# PROBLEM TO SOLVE
Repeat each record exactly as written, and drop any images.

# INFORMATION PROVIDED
+++++
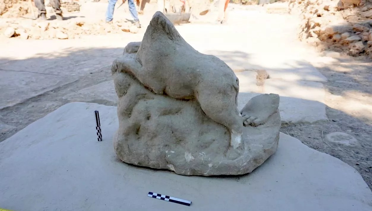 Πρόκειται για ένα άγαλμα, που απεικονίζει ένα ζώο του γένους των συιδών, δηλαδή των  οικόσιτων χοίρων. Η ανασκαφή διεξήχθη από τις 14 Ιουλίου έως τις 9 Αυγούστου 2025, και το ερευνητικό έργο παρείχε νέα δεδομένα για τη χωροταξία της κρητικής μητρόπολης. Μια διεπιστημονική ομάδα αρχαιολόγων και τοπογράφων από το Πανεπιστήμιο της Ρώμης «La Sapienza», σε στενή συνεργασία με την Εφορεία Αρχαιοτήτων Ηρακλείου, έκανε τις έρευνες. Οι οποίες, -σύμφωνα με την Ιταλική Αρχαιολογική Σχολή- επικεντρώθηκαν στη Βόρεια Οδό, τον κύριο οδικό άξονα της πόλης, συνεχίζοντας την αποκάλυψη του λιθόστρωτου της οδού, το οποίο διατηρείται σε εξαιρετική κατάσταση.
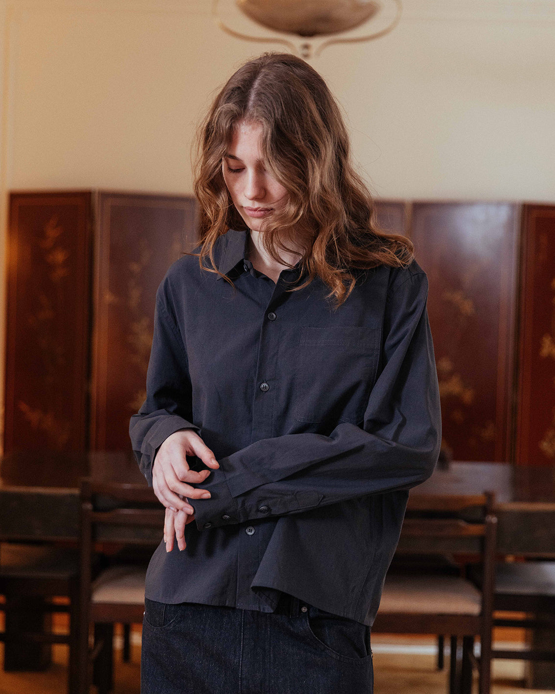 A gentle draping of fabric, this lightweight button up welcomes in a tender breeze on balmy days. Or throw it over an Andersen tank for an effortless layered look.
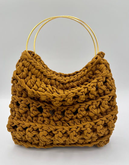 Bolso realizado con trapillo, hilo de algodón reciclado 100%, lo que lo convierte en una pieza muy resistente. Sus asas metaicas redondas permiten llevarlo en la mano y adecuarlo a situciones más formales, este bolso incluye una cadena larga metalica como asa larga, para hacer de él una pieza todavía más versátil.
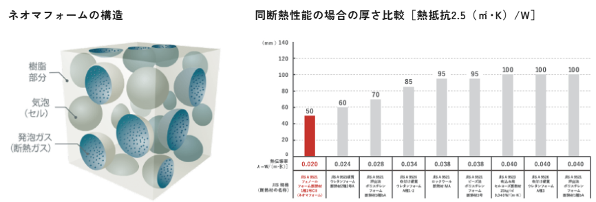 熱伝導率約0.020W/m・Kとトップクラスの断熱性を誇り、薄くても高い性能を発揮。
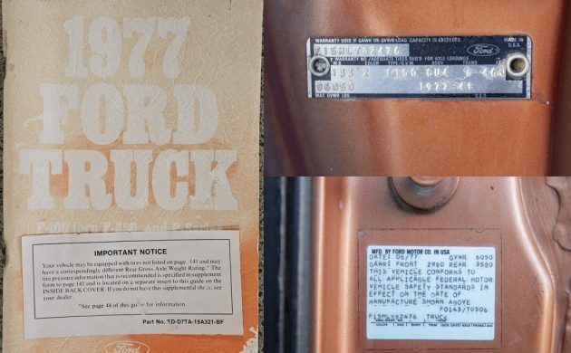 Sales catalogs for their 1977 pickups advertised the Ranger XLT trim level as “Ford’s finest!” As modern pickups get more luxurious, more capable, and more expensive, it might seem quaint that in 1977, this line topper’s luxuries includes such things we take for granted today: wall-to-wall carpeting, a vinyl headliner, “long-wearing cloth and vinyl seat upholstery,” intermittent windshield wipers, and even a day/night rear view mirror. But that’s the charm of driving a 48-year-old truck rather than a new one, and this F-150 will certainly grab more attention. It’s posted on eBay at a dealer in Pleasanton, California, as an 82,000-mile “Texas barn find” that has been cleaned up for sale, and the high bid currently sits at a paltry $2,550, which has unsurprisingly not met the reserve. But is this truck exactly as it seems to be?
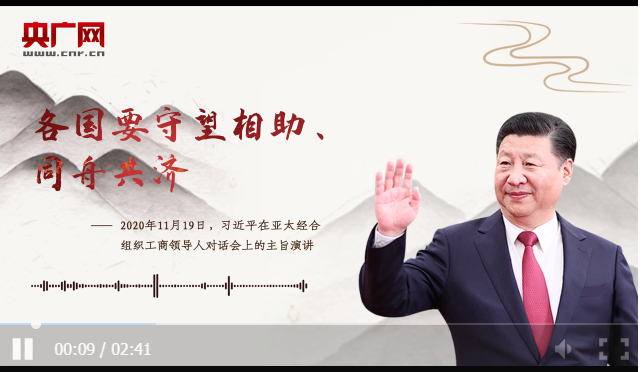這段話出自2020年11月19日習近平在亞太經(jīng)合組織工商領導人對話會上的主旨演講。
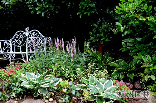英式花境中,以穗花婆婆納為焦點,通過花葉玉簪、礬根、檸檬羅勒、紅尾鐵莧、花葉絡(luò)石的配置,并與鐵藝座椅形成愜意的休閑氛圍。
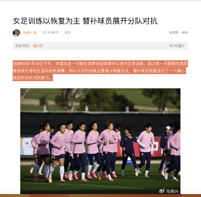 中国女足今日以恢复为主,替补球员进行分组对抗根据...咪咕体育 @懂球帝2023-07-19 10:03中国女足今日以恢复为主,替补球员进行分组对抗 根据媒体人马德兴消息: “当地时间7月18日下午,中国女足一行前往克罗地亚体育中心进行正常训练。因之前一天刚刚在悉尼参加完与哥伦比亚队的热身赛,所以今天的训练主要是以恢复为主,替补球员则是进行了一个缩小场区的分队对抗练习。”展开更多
+++++
# ANSWER FOR THIS EXERCISE
 Πρόκειται για ένα άγαλμα, που απεικονίζει ένα ζώο του γένους των συιδών, δηλαδή των  οικόσιτων χοίρων. Η ανασκαφή διεξήχθη από τις 14 Ιουλίου έως τις 9 Αυγούστου 2025, και το ερευνητικό έργο παρείχε νέα δεδομένα για τη χωροταξία της κρητικής μητρόπολης. Μια διεπιστημονική ομάδα αρχαιολόγων και τοπογράφων από το Πανεπιστήμιο της Ρώμης «La Sapienza», σε στενή συνεργασία με την Εφορεία Αρχαιοτήτων Ηρακλείου, έκανε τις έρευνες. Οι οποίες, -σύμφωνα με την Ιταλική Αρχαιολογική Σχολή- επικεντρώθηκαν στη Βόρεια Οδό, τον κύριο οδικό άξονα της πόλης, συνεχίζοντας την αποκάλυψη του λιθόστρωτου της οδού, το οποίο διατηρείται σε εξαιρετική κατάσταση.
 A gentle draping of fabric, this lightweight button up welcomes in a tender breeze on balmy days. Or throw it over an Andersen tank for an effortless layered look.
 Bolso realizado con trapillo, hilo de algodón reciclado 100%, lo que lo convierte en una pieza muy resistente. Sus asas metaicas redondas permiten llevarlo en la mano y adecuarlo a situciones más formales, este bolso incluye una cadena larga metalica como asa larga, para hacer de él una pieza todavía más versátil.
 熱伝導率約0.020W/m・Kとトップクラスの断熱性を誇り、薄くても高い性能を発揮。
 Sales catalogs for their 1977 pickups advertised the Ranger XLT trim level as “Ford’s finest!” As modern pickups get more luxurious, more capable, and more expensive, it might seem quaint that in 1977, this line topper’s luxuries includes such things we take for granted today: wall-to-wall carpeting, a vinyl headliner, “long-wearing cloth and vinyl seat upholstery,” intermittent windshield wipers, and even a day/night rear view mirror. But that’s the charm of driving a 48-year-old truck rather than a new one, and this F-150 will certainly grab more attention. It’s posted on eBay at a dealer in Pleasanton, California, as an 82,000-mile “Texas barn find” that has been cleaned up for sale, and the high bid currently sits at a paltry $2,550, which has unsurprisingly not met the reserve. But is this truck exactly as it seems to be?
這段話出自2020年11月19日習近平在亞太經(jīng)合組織工商領導人對話會上的主旨演講。
英式花境中,以穗花婆婆納為焦點,通過花葉玉簪、礬根、檸檬羅勒、紅尾鐵莧、花葉絡(luò)石的配置,并與鐵藝座椅形成愜意的休閑氛圍。
 中国女足今日以恢复为主,替补球员进行分组对抗根据...咪咕体育 @懂球帝2023-07-19 10:03中国女足今日以恢复为主,替补球员进行分组对抗 根据媒体人马德兴消息: “当地时间7月18日下午,中国女足一行前往克罗地亚体育中心进行正常训练。因之前一天刚刚在悉尼参加完与哥伦比亚队的热身赛,所以今天的训练主要是以恢复为主,替补球员则是进行了一个缩小场区的分队对抗练习。”展开更多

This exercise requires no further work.